The week’s events featured keynote addresses from Ambassador Paul Wolfowitz – whose titles include security advisor in the Arms Control and Disarmament Agency under Nixon, deputy secretary of defense in the second Bush Administration and former president of the World Bank – and distinguished scholar Jeremi Suri, Mack Brown distinguished professor of history at the University of Texas at Austin. “We thought that Paul Wolfowitz would be very helpful because he opposed most of these arms control initiatives in the 1970s,” McAllister said, regarding the selection of the keynote speakers. “Meanwhile, Jeremi Suri is very positive about Kissinger and arms control, so we had both sides represented.”
McAllister emphasized the benefit to the student body of bringing such a prestigious conference to the College. “It’s great for our students to see world-class scholars up close,” he said. “Oftentimes students only get to see one or two people who are involved in specific areas like American foreign policy or constitutional law. It’s great for students to see there’s a whole body of scholarship that we’re connected to and [that] we promote.”
In the interest of inviting student engagement, the weekend’s events began with an informal Q-and-A session with Wolfowitz for the students of the leadership studies class “U.S. Grand Strategy.” He imparted four pioneering moments in his career: working in the arms control agency to prevent nuclear war between the U.S. and the Soviet Union, becoming an expert in East Asian policy at the state department, assuming responsibilities as the American ambassador in Indonesia and managing the crisis in the Philippines as assistant secretary of state for East Asia.
Given Wolfowitz’s focus on foreign policy in Asia, he offered particular insight on the emergence of China as a formidable power center. “It’s very important for the U.S. to stay engaged and be in the Pacific, because one of the things that can restrain China is that if they try to throw their weight around, everyone in the region can pressure them,” he said. Furthermore, Wolfowitz emphasized the influence of democracy in Chinese Taiwan and the democratization of Asia, South America and Central and Eastern Europe in inspiring nations attempting to throw off oppressive governments. “They live in a world where they know things can be different,” he said. “Democracy is not just an American thing.”
Later Friday evening, Wolfowitz delivered the opening keynote address at Mount Hope. Speaking to an audience of distinguished historians, Wolfowitz spoke about the three main difficulties that historians face: the problem of determining cause-and-effect relationships, the inability to explore “the road not taken” and the issue of “too-soon-to-tell” and divining when events have catalyzed a lasting change as opposed to a temporary moment of upheaval.
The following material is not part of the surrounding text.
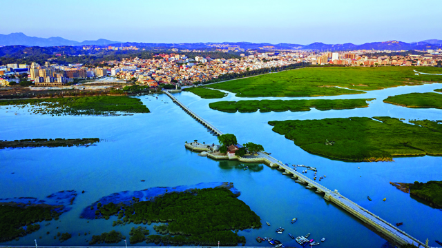 安平桥。是泉州与国家广阔的南部沿海地区的陆运节点,位于泉州城西南方向30公里的晋江安海镇与南安水头镇交界的海湾上,是泉州与其南侧的漳州、广州等地区联系的要道。因桥长五华里,俗称“五里桥”,为中国现存最长的跨海梁式石桥,素有“天下无桥长此桥”之美誉。安平桥的建成是泉州官方、宗教人士、商人及平民共同参与的结果,既体现了宋元时期泉州多元社会结构对海洋贸易的贡献,又反映了海洋贸易推动下泉州水陆转运系统的发展。

The speech addressed Henry Kissinger, Nixon’s secretary of state and national security adviser. Wolfowitz posited that under Kissinger, negotiations with the Soviet Union were less about the details of arms reduction and more about simply engaging in negotiations with the Soviets. “Kissinger didn’t see an incentive to preemptively use nuclear weapons,” Wolfowitz said. “That led to an attitude that was somewhat cavalier about details.” According to Wolfowitz, one of the central legacies of the Cold War negotiations was that “politics in the end does trump technicalities of arms control, but it takes big politics to do it.”
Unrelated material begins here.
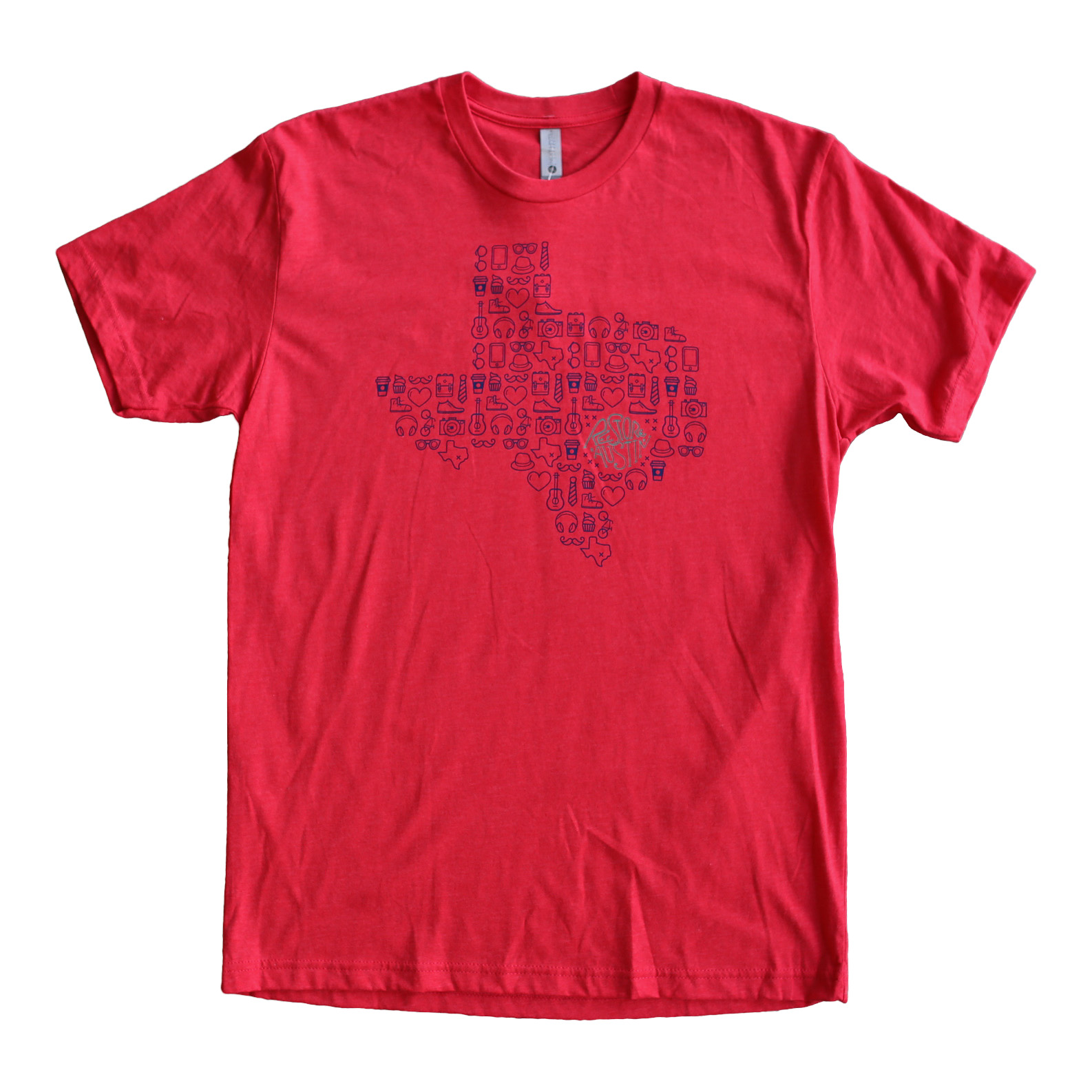 Great use of the Texas state colors in this bold, eye-catching t-shirt. Earlier in the year, we listed iconography as a t-shirt trend we’d seen a lot of in 2018, and this t-shirt was one of our favorite examples.

Saturday’s events began with a panel titled “Deterrence in an Era of Parity.” Much of the commentary focused on technical issues, such as the effects of different attack options or weapons and the views of policymakers, especially of Kissinger and Nixon’s opinions on what constituted a credible threat. Although some panelists focused more on the details of weaponry and others emphasized the nature of the domestic or international politics, those two main issues cropped up in every speech and became the main discussion points in the Q-and-A section.
In the next panel, “Problems of Perceptions,” the issue of credibility appeared again, this time as a matter of how perception lends importance to the identity of those in possession of weaponry. Perception was also important in domestic politics, as policymakers’ opinions of one another affected negotiations. Several panelists explored Nixon and Kissinger’s distrust of the intelligence community. In this sense, the second panel provided a more detailed picture of the individuals positioned within and constrained by the ideas and assumptions of their times.
After a short lunch break, participants reconvened for a panel on “Compiler and Participant Perspectives on FRUS.” This panel focused on how historical fragments become usable sources. Ted Keefer and Erin Mahan, both from the office of the secretary of defense, discussed how compiler understandings of the history influenced the selection of roughly 400 documents from “tens of thousands,” as well as their organization and the use of footnotes to guide historians to further sources left out. Mahan described the process as “quasi-scholarly and quasi-archival.”
Beyond the exploration of a key moment in the history of American foreign policy, the conference offered the opportunity to understand how historical discussions form and evolve in academia. Sir Lawrence Freedman of King’s College London noted that much information was already available in leaks, newspapers and secondary sources, which he argued were necessary to complete the picture of the era that primary sources give.
Further, the Q-and-A sessions that followed each panel shed light on the historical disagreements between experts. These sessions tended to feature a question, which was answered by a panelist, but the answer often led to a series of concurrences and objections from various participants – on and off the panel.
McAllister noted that these moments of intense debate held particular value for audience members, especially students. “What students can really gain from watching these panels is [to see] how people who have devoted their entire lives to studying these issues can absolutely disagree with one another,” he said. “The documents don’t speak for themselves … There’s not one view that is the right historical or theoretical interpretation of everything.”
To close the weekend’s events, Suri spoke to participants on the significance of SALT I as a possible turning point in Cold War relations. Suri began by noting, “I’ve generally treated SALT I as a historical disappointment, as less than monumental, a non-turning point.” However, after reading the recently published volumes, Suri concluded that SALT I noticeably shifted the Cold War system’s dynamics. “SALT I changed the international system in appreciable, but not revolutionary ways,” he said.
Suri outlined three main respects in which SALT I was instrumental in shifting the Cold War. The first was in learning to live with parity. “Parity is something American policymakers came to be comfortable with by 1972, and SALT I was a big part of that,” he said. Second, SALT I helped American policymakers to consider nuclear sufficiency, typically defined as having the capability to carry out a second strike, maintain deterrence, ensure the balance of power and protect against rogue states. “SALT enabled this acknowledgement,” Suri said.
“It was not a new doctrine, but it was a push in a new direction,” he continued. Finally, Suri indicated that SALT I was instrumental in building confidence in relations between the United States and the Soviet Union. “Through SALT, there’s a sense that both sides are playing by certain rules,” he said.
Suri picked up on Wolfowitz’s conclusion that the tangible results of arms control negotiations were historically less important than the normalization of relations between the two nations. “Arms control negotiations probably weren’t about actual arms,” Suri said. “Arms wouldn’t actually be cut, but the process of getting people to work together, even though there wouldn’t be any material gains, would have tremendous value.”
Ultimately, the message that Suri, Wolfowitz and the weekend’s panelists delivered was that closely examining volumes like SALT I 1969-1972 and National Security Policy 1969-1972 can and should influence and guide how we cope with modern international disputes.